NEDO(新エネルギー・産業技術総合開発機構)は7月17日、世界で初めて「ロボット白書」を発刊し、その概要についての説明会を行った。
その席上、ロボット・機械システム部の弓取修二部長は「ロボット技術が社会を支える基盤技術となり、社会を変革する可能性を秘めている」と強調し、こう付け加えた。
「先頭を走るわが国だからこそ羅針盤となる“白書”が必要であり、これを世界で初めてつくること、使いこなせることが、ロボット市場で勝ち抜くための大きなアドバンテージになる」
NEDOがこのような白書を刊行したのには危機感があった。というのも、日本は「ロボット大国」と言われているものの、電機産業のように「技術で勝ってビジネスに負ける」という状況に陥りかねないからだ。

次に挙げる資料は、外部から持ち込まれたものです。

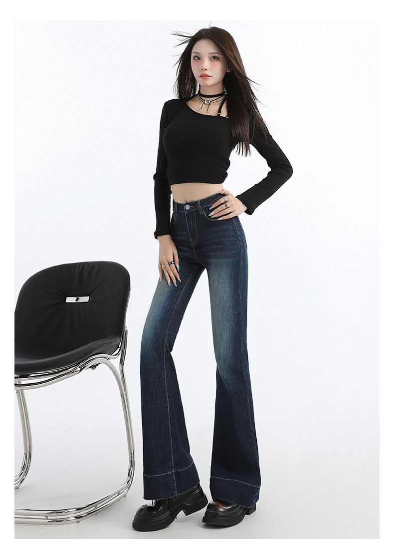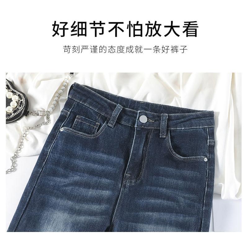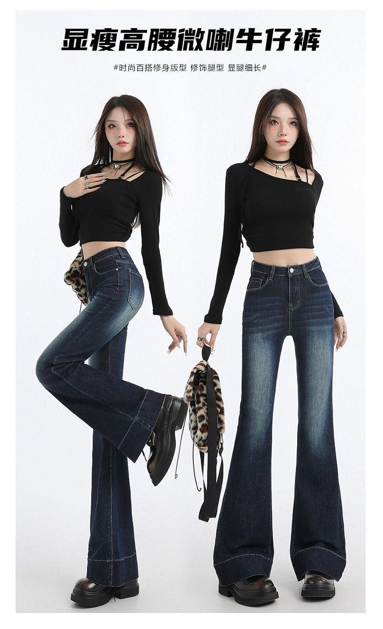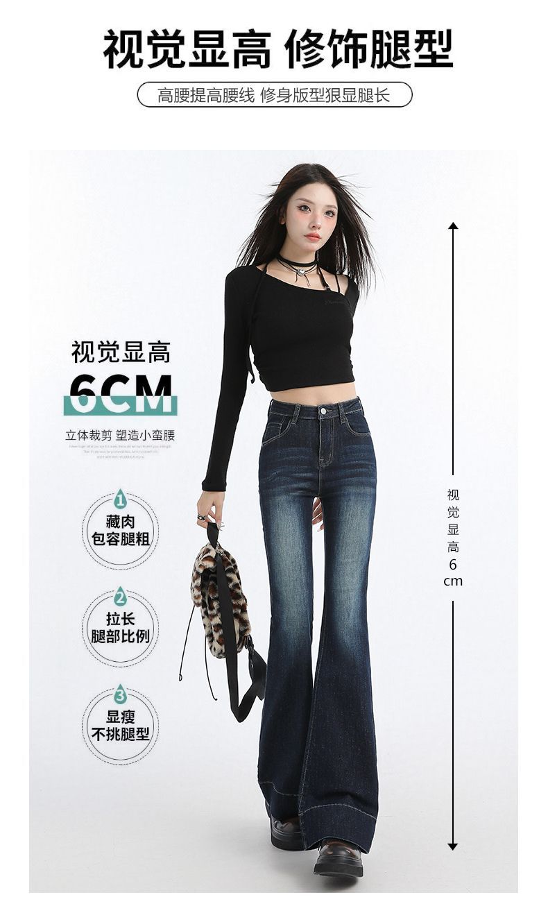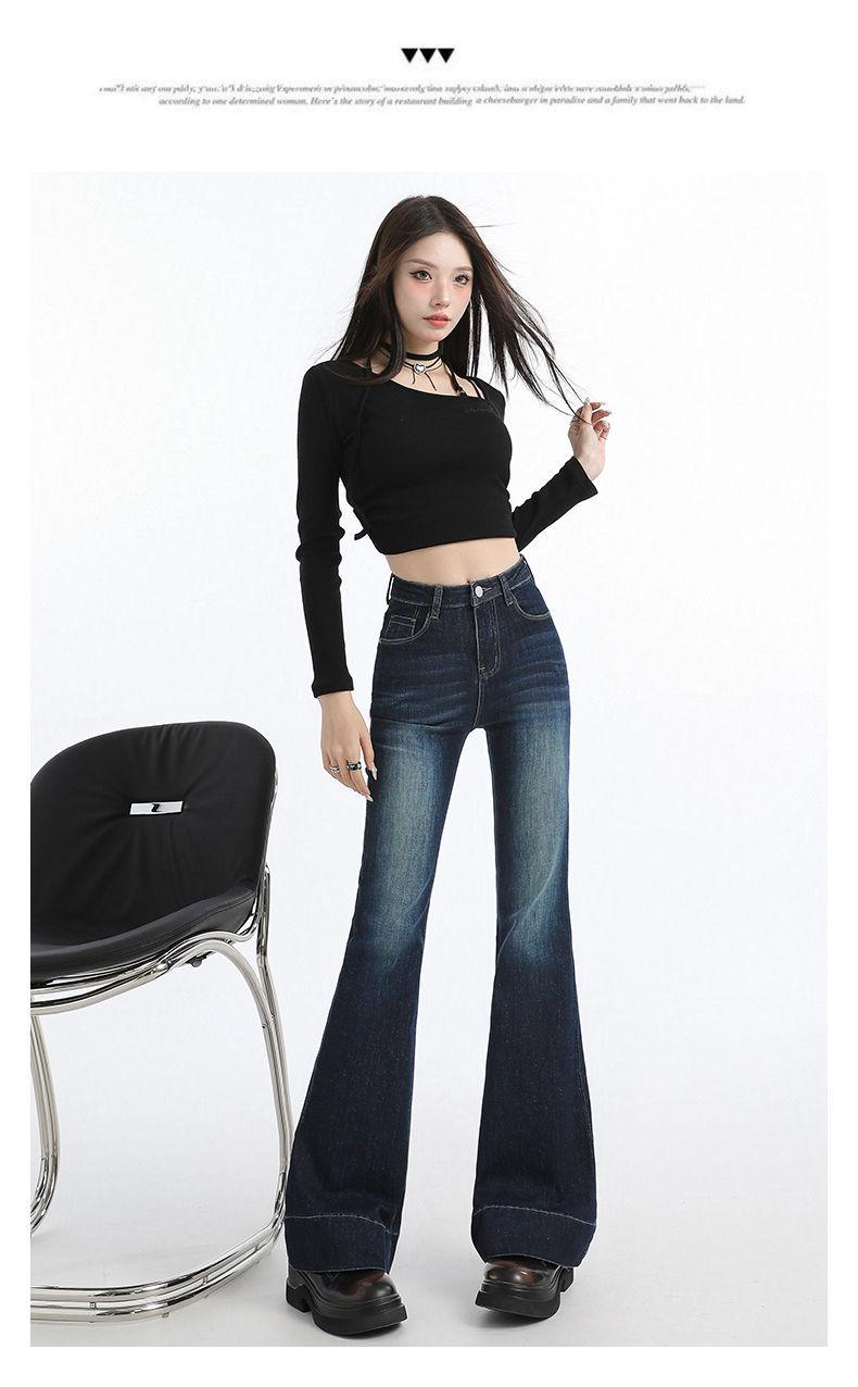 Compra Jeans pitillo acampanados de cintura alta para mujer 2025 primavera y otoño nuevos elásticos adelgazantes corte ajustado pierna ancha pantalones de herradura al por mayor en Joom.pro

そこで、白書ではロボットビジネス活性化のために、ロボット開発者ではなく、ユーザーの視点に着目して、現状認識、技術、課題、提言などを行っている。そして、その処方箋として、実例を数多く取り上げ、活性化策を提示している。
具体的な中身については、第1章の「ロボットの基本情報」から始まり、「ロボットの利用意義」「産業ロボットの現状と課題」「生活とサービス領域のロボット化事業」「フィールドロボットの現状と課題」「ロボットを社会に実装する方策」「各章の課題と提言」の7章で構成されている。しかも、それらをすべてNEDOのホームページからダウンロードできるようになっている。
現在、NEDOでは「ロボットといえばNEDO、NEDOといえばロボット」のかけ声のもと、ロボット事業に力を入れており、「ロボット白書」についてはこれから隔年で刊行していく計画だ。